There is a message in pink. The Village doesn't like your tribe, damn, they must have seen us because we were shooting a sneak cut of Kevin McLoud throughout the heist, well that was fine, we would eventually beat them with our Egg Empire anyway and with that it was time Going back to Job now that I discovered that basically any animal in this game has the ability to lay eggs. I could recruit almost anything. How about pear eggs? They sound tasty. With three pets on the farm, the supply of eggs was almost endless. We were preparing food faster than my Little Burgers were able to collect it and the stock continued to go up and up until we had over 100 meals prepared.

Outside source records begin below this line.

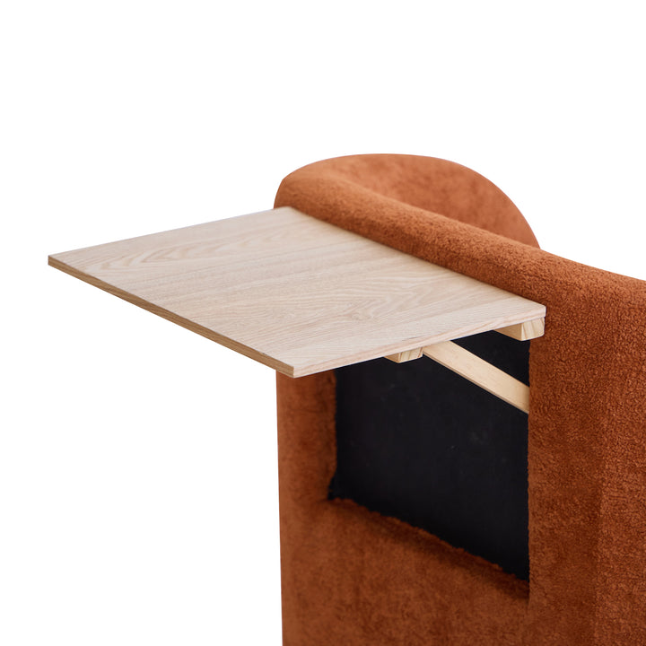 Le fauteuil de salon HALMSTAD avec son design moderne a tout ce qu'il faut pour embellir votre intérieur. Que ce soit dans votre chambre, votre bureau ou votre salon, il saura trouver sa place. Le large dossier offre un maintien de haute qualité. La garniture premium en bouclettes avec une mousse de densité supérieure offre un confort d'assise de haute qualité. Son espace de stockage ainsi que son pouf vous offrirons des solutions de rangement et d'assise supplémentaires. Sa tablette integrée au dossier en fait une piece extremement versatile. La base pivotante en métal finition époxy noire assurent stabilité et ergonomie pour une utilisation longue durée. Le fauteuil est facile à entretenir, un coup de chiffon humide suffit pour le nettoyer.
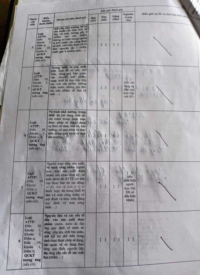 Bà Thu cũng cho rằng từ nguyên nhân trên nên đoàn không thẩm định các chỉ tiêu đánh giá khác được ghi trong mẫu biên bản như: Địa điểm sản xuất; trang thiết bị sản xuất; người trực tiếp sản xuất; nguyên liệu và các yếu tố đầu vào; bao gói, ghi nhãn, bảo quản vận chuyển; ghi chép và truy xuất nguồn gốc….
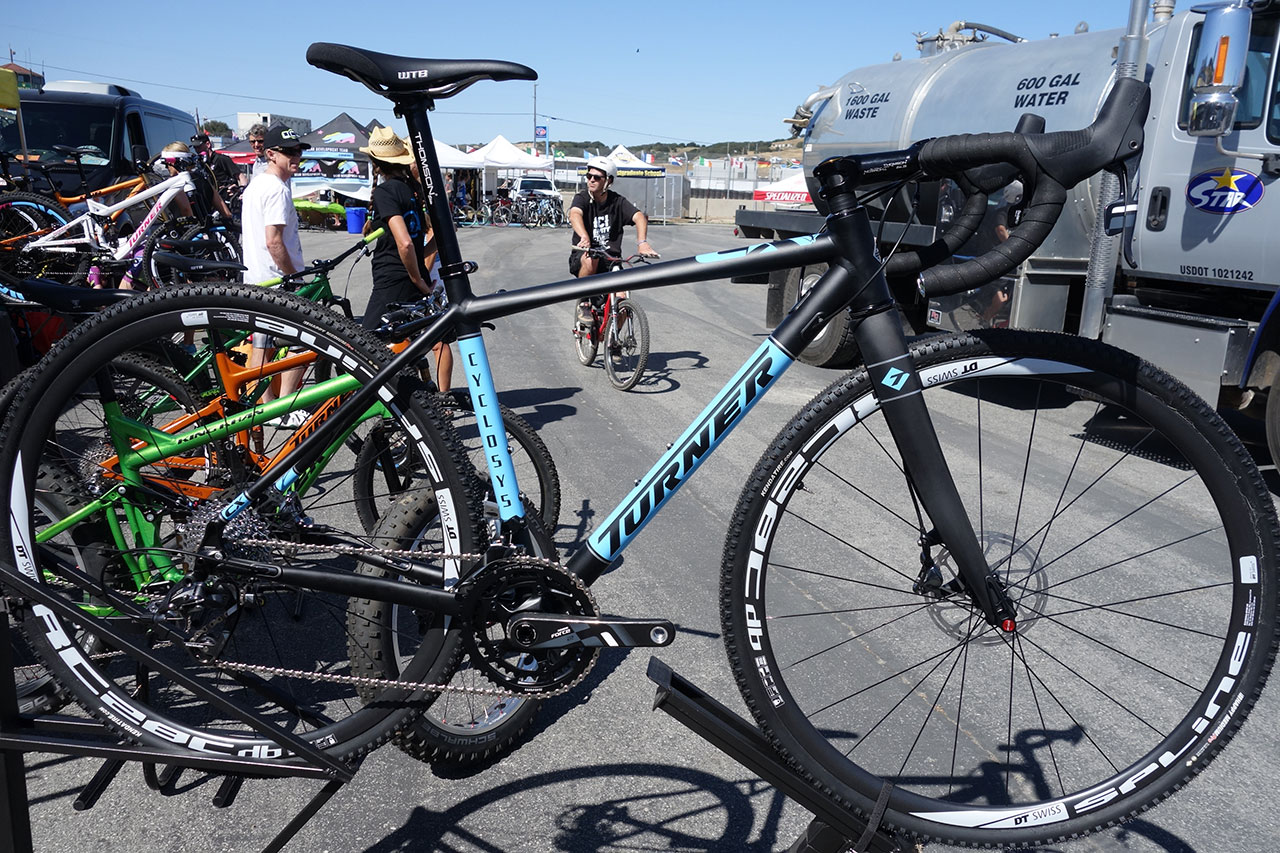 Look away now if you’re nervous of skinnier wheels. Here is the Turner Cyclosis. Mostly done so that the ‘cross keen riders at Turner (including DT himself) could have a bike to race on. It’s a race-geometry disc ‘cross bike with very neat internal cabling.
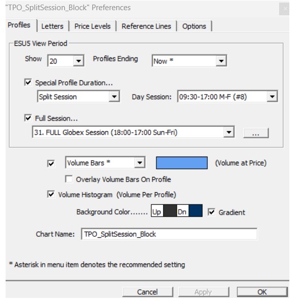Cumulative profiles over the last X session, for both TPO and Volume profiles, can be added on each side of the charts. X=2 on a split session TPO chart will correspond to a full session profile being displayed (during the Day Session action).
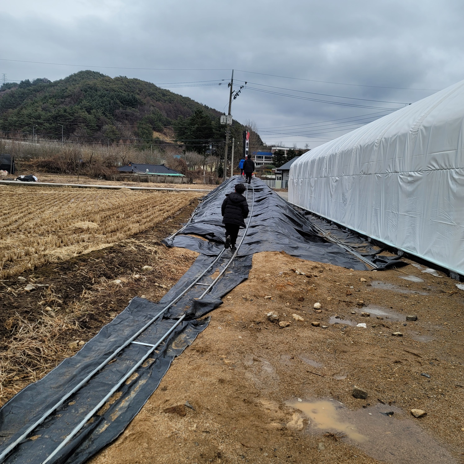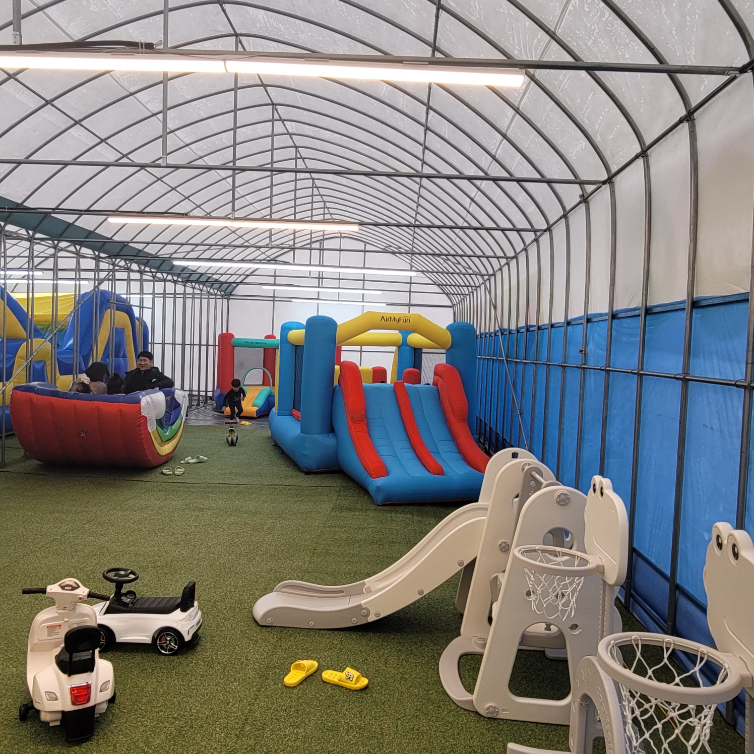우측에 보이는 비닐하우스가 놀이동이에요. 뒤쏙으로 오면 이렇게 썰매를 탈 수 있는 곳이 있어요.
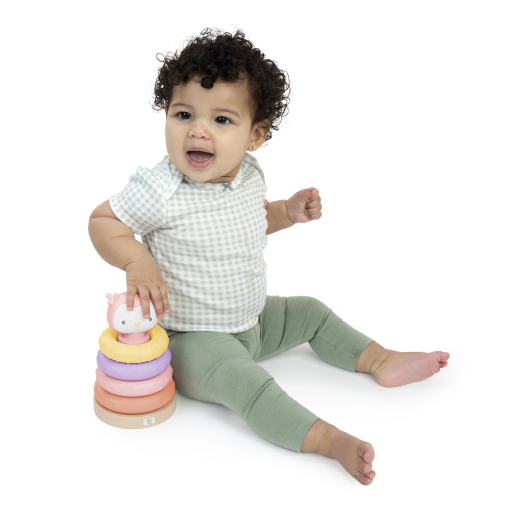 La piramide impilabile ity by INGENUITY con la gufetta Nally è il giocattolo educativo ideale per i primi apprendimenti, offrendo una scoperta sicura di colori, forme e texture. Grazie agli anelli alleggeriti e testurizzati senza BPA, il bebè può afferrarli e impilarli con facilità, allenando in modo naturale la presa e la coordinazione.
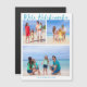 Chic anpassade strand-familjens fotokollage Julmagnet-kort med dina favorittropiska foton i sol och brev inuti. Lägg till 3 av dina favoritminnen från din ö-semester till kusten på framsidan och ett på baksidan. Ett vackert magnetkort vid kusten med en ren, modern fotograflayout och ett söt blått skript.
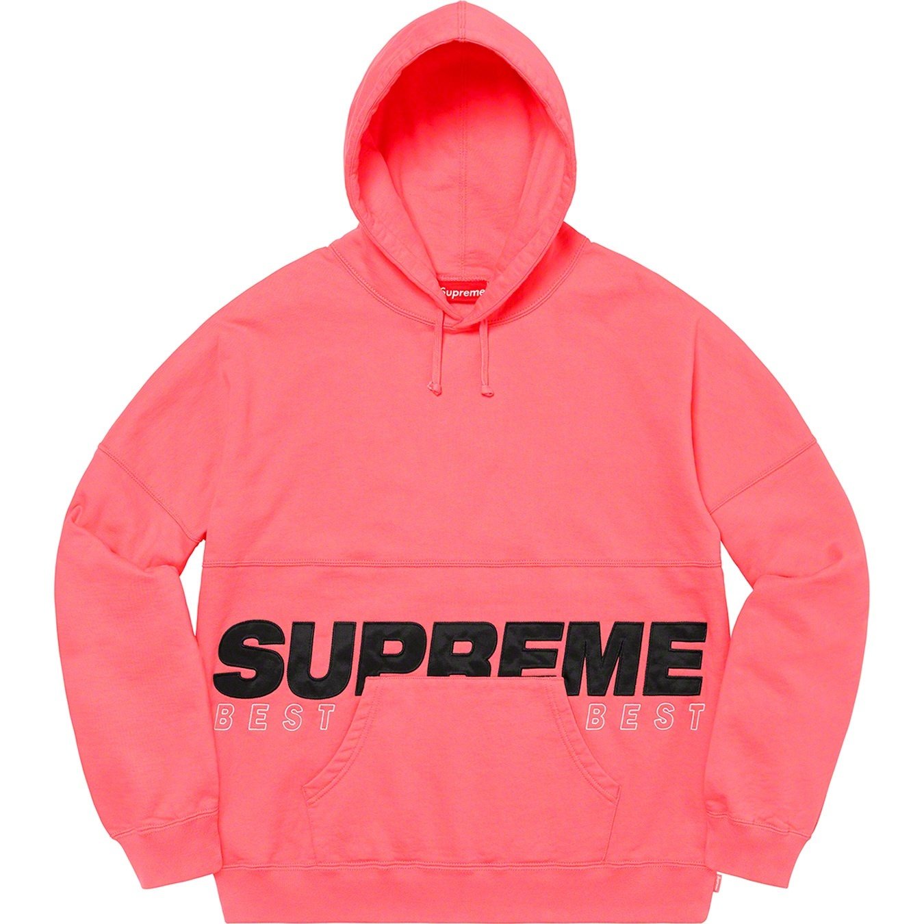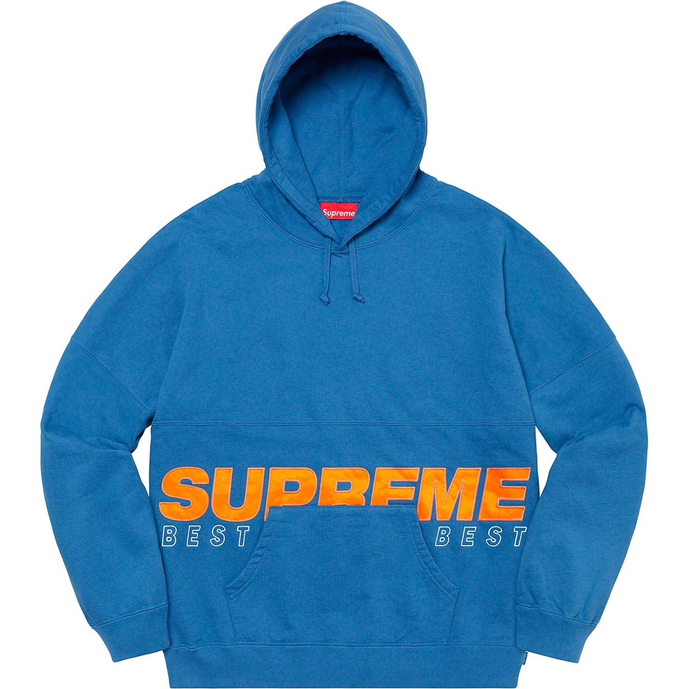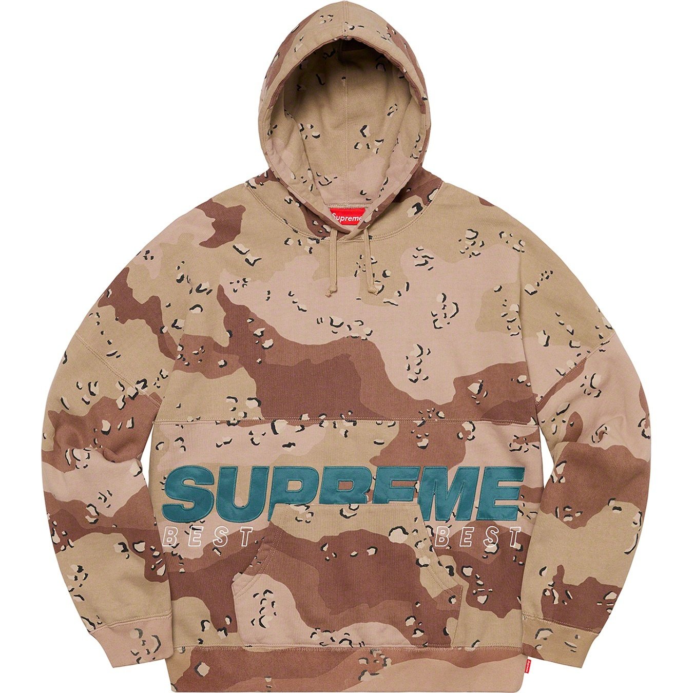 Cotton fleece with pouch pocket. Tackle twill appliqué logo and embroidered graphic at front.

We were almost ready to launch ourselves to the masses. Pink Village, get ready, oh what is this? Other messages that arrive. The Raiders have been detected. they plan to steal your food they weren't the pink town they were doing a reverse robbery well this just wouldn't hold up you can't just take things without people's permission that's a crime and deserved to be punished yes we would get back what was rightfully ours, the hamburgers They went to war to fight, load men, load, oh, right, yeah, they all have shotguns, right? I forgot about that, well on the plus side at least they blew up their own base too.
I see this. It's a complete and total victory, let's go home and celebrate and oh, it seems that in the time we were away some customers have arrived now they're a bunch of ducks, but that's okay, maybe they've come to call a truce, we'll do. anyone here at the Egg restaurant, even a disgusting bird deserves a good portion of scrambled eggs or two or three birds or there seem to be a lot of birds coming this way and they actually seem pretty hungry and something tells me it's possible that the eggs I don't know your first choice on the menu, okay, let's do this again, shall we run?, there are too many, quickly, oh God, no, my buns, my succulent hamburger buns.